2013-08-08 2 views
0

제 작은 프로젝트를 도와주세요.R-regex 문장으로 분할 된 POS 태그가있는 텍스트 벡터/요소

텍스트 요소 (요소)에는 문장이 있습니다 (사실 많은 텍스트 요소 목록). 텍스트는 POS 태그입니다. 나는 하나의 문장을 분리 된 요소들로 분리 할 필요가있다.

나는 모든 "./$. ", "!/$. ", "?/$. " 등을 일부 R 함수와 일치시켜야하며 결과를 요인 목록으로 저장해야합니다. 각 요소는 문장입니다.

샘플 텍스트 & 코드 :

library(stingr) 

# Input vector/factor with "/$. " separated sentences 

r <- c("Ich/PPER habe/VAFIN meinen/PPOSAT Berkeley/NN jetzt/ADV seit/APPR 11/CARD Jahren/NN im/APPRART fast/ADV täglichen/ADJA Einsatz/NN ./$. In/APPR der/ART Schule/NN und/KON im/APPRART Studium/NN war/VAFIN der/ART Rucksack/NN meistens/ADV bis/APPR zum/APPRART bersten/ADJA mit/APPR Büchern/NN gefüllt/VVPP ,/$, jetzt/ADV benutze/VVFIN ich/PPER das/ART gute/ADJA Stück/NN auf/APPR dem/ART Weg/NN zur/APPRART Arbeit/NN !/$. Das/ART Volumen/NN -LRB-/TRUNC 30/CARD Liter/NN -RRB-/TRUNC ist/VAFIN enorm/ADJD und/KON lässt/VVFIN sich/PRF ,/$, dank/APPR der/ART Form/NN ,/$, besonders/ADV für/APPR Bücher/NN und/KON Schreibutensilien/NN ideal/ADJD nutzen/VVINF ./$.") 

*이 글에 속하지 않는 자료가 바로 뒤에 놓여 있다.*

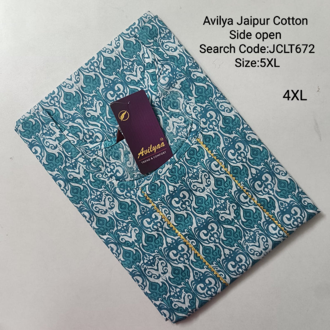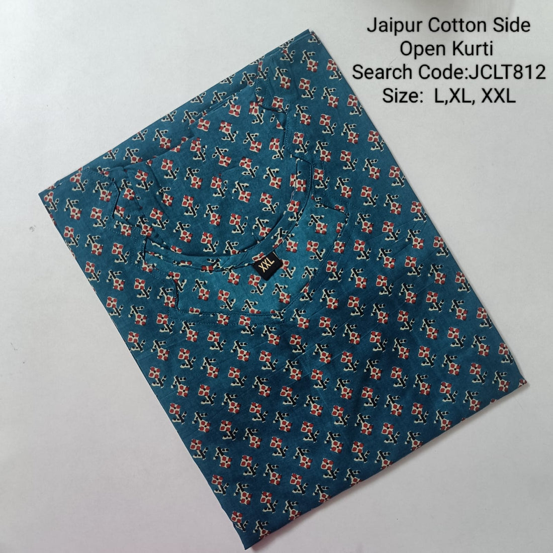 Teal Jaipur Cotton Side Open Kurti Top Only Collection -JCLT812

# output list of vectors/factors with splited sentences as list elements 
(r.listOfSent <- as.list(strsplit(as.character(r), "//$."))) 
> r.sentlist 
[[1]] 
[1] "Ich/PPER habe/VAFIN meinen/PPOSAT Berkeley/NN jetzt/ADV seit/APPR 11/CARD Jahren/NN im/APPRART fast/ADV täglichen/ADJA Einsatz/NN ."                                                      
[2] " In/APPR der/ART Schule/NN und/KON im/APPRART Studium/NN war/VAFIN der/ART Rucksack/NN meistens/ADV bis/APPR zum/APPRART bersten/ADJA mit/APPR Büchern/NN gefüllt/VVPP ,/$, jetzt/ADV benutze/VVFIN ich/PPER das/ART gute/ADJA Stück/NN auf/APPR dem/ART Weg/NN zur/APPRART Arbeit/NN ."                 
[3] " Das/ART Volumen/NN -LRB-/TRUNC 30/CARD Liter/NN -RRB-/TRUNC ist/VAFIN enorm/ADJD und/KON lässt/VVFIN sich/PRF ,/$, dank/APPR der/ART Form/NN ,/$, besonders/ADV für/APPR Bücher/NN und/KON Schreibutensilien/NN ideal/ADJD nutzen/VVINF ." 

답변

1

이 필요하시면?

# input 
r <- "Ich/PPER habe/VAFIN meinen/PPOSAT Berkeley/NN jetzt/ADV seit/APPR 11/CARD Jahren/NN im/APPRART fast/ADV täglichen/ADJA Einsatz/NN ./$. In/APPR der/ART Schule/NN und/KON im/APPRART Studium/NN war/VAFIN der/ART Rucksack/NN meistens/ADV bis/APPR zum/APPRART bersten/ADJA mit/APPR Büchern/NN gefüllt/VVPP ,/$, jetzt/ADV benutze/VVFIN ich/PPER das/ART gute/ADJA Stück/NN auf/APPR dem/ART Weg/NN zur/APPRART Arbeit/NN !/$. Das/ART Volumen/NN -LRB-/TRUNC 30/CARD Liter/NN -RRB-/TRUNC ist/VAFIN enorm/ADJD und/KON lässt/VVFIN sich/PRF ,/$, dank/APPR der/ART Form/NN ,/$, besonders/ADV für/APPR Bücher/NN und/KON Schreibutensilien/NN ideal/ADJD nutzen/VVINF ./$." 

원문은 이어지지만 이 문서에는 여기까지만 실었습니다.